I stand by that assessment, if a priest asks a woman to cover her shoulders at Mass.

Father Cusick, meanwhile, deleted his Twitter account and wrote an article for The Wanderer claiming he had been persecuted by a “mob” of “bloodthirsty hounds;” he also used the word “vituperation,” which can never be anything but commendable. He described this incident from his tweet as taking place in a “traditional Latin Mass Community” to a woman who had stubbornly worn normal clothes to church instead of adhering to the dress code that a group of women in that community had made up for themselves. It seems that the woman didn’t get the message so the priest took it on himself to put her in her place.

Yes. I, too, am shocked. I had no idea that The Wanderer still existed or that it was online. I remember getting it in the mail back in the 90s and the publication was considered awfully quaint even then. But it is, indeed, online. And it does, indeed, have a mint condition quaint 90s website.

At any rate, many people reached out to me to tell me about times that they, too, had been embarrassed by a priest at Mass. I got a whole other column out of it. I let the comment box on that one run to seed because I have discovered what Father Cusick has not: it’s actually good to get vituperated by a mob of opinionated commentators on the internet. It means they’re reading you and you’re getting your message across. Heck, if you’re a Patheos blogger, you can make literally tens of dollars off of a lively comment thread.

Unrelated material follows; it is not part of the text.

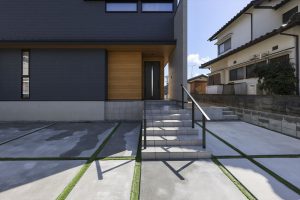 ツートンカラーとすることで重心を下げ、どっしりとした印象に。水平ラインを強調することで更に重心を下げることができるので大型玄関庇を設けました。

I went about my business, writing about other topics.

Then, a few days ago, my boss got a curious email from Father Cusick. It said in its entirety, “IRT Request for correction/retraction Mary Pezzulo mentions me and a tweet on her blog. She erroneously claims in connection with it that I claimed another priest called out a woman during Mass about her clothing. I never said such a thing and am not aware it ever happened. Asking her to delete and issue retraction/correction. Thank you.

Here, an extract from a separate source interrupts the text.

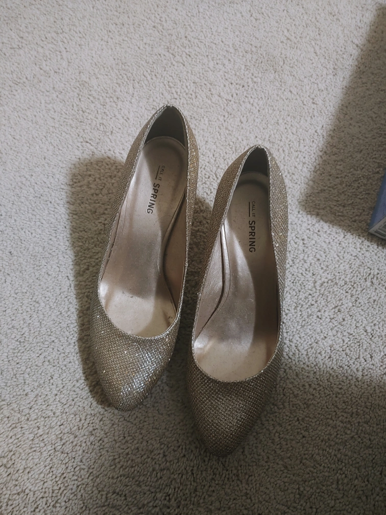 Selling a pair of Call It Spring heels with a glittery finish! They're perfect for a night out or a special occasion. Check them out! Size 8

I double checked what I thought I’d seen. I found a screenshot to make sure. I even read about the controversy in articles that supported Father Cusick, to make sure. I emailed my editor the screenshot, and the articles, which she passed on to Father Cusick, to remind him that he did indeed say “a priest I know was forced on Sunday to ask a woman at Mass to cover her shoulders.” I wrote that the priest asked the woman to cover her shoulders at Mass, which is, to me, implied by stating that he asked her, at Mass, to cover her shoulders.

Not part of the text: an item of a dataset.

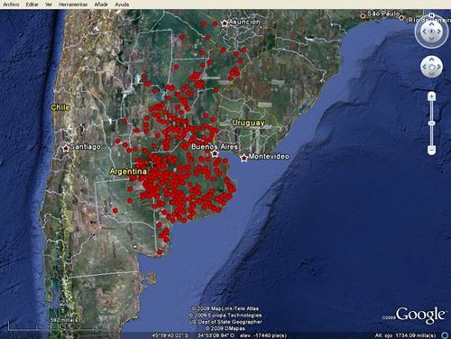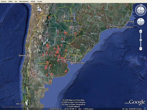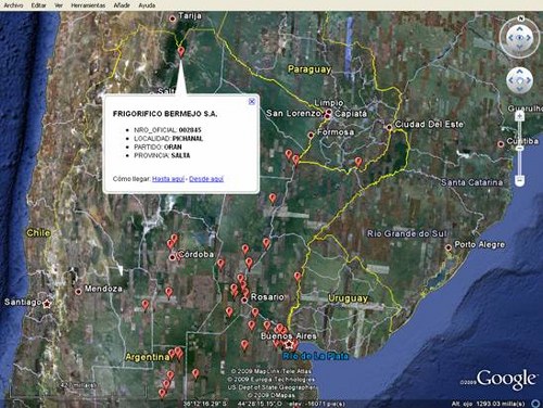 Georreferenciación de los frigoríficos con inspección del Senasa.

Father Cusick didn’t see it that way. He spat back, “Mary said the priest told the woman during mass to cover her shoulders; it did not happen during the mass. I do not wish to be associated with the suggestion that a priest would correct the woman from the pulpit or in any way publicly during the mass. I never said it happened in the tweet. I’m not aware it happened and Mary says that it happened in her column; there are no facts to base it to back up her statement. I am demanding a retraction.

Very well, Reverend Father. You demand is my command. Vituperation is a word that I would like to use in this sentence.

I do retract my statement that Father Kevin Cusick said a priest asked a woman during Sunday Mass to cover her shoulders. I was misled by a priest named Father Kevin Cusick, who said that “a priest I know was forced on Sunday to ask a woman at Mass to cover her shoulders.” I foolishly interpreted this to mean that a priest asked a woman at Mass on Sunday to cover her shoulders. It turns out that the alleged priest did not ask the woman at Mass to cover her shoulders. He did not interrupt the Mass to embarrass the woman for not following some traditionalist ladies’ dress code– and as an aside, those ladies sound like miserable old biddies best ignored. The alleged priest allegedly asked that poor alleged woman to cover her alleged shoulders at some time other than during Mass. Maybe it wasn’t even on Sunday. Maybe it was Tuesday when he saw her at the liquor store. For all I know, he didn’t even ask her to cover her shoulders. Maybe he told her to cover her buttocks, or her left pinkie finger, or to put on a scary clown mask. Maybe he vituperated her as well. Only Father Cusick would know.

I apologize to Father Cusick for trying to make sense of what he said in public in front of millions of people, and I apologize to my readers for any confusion.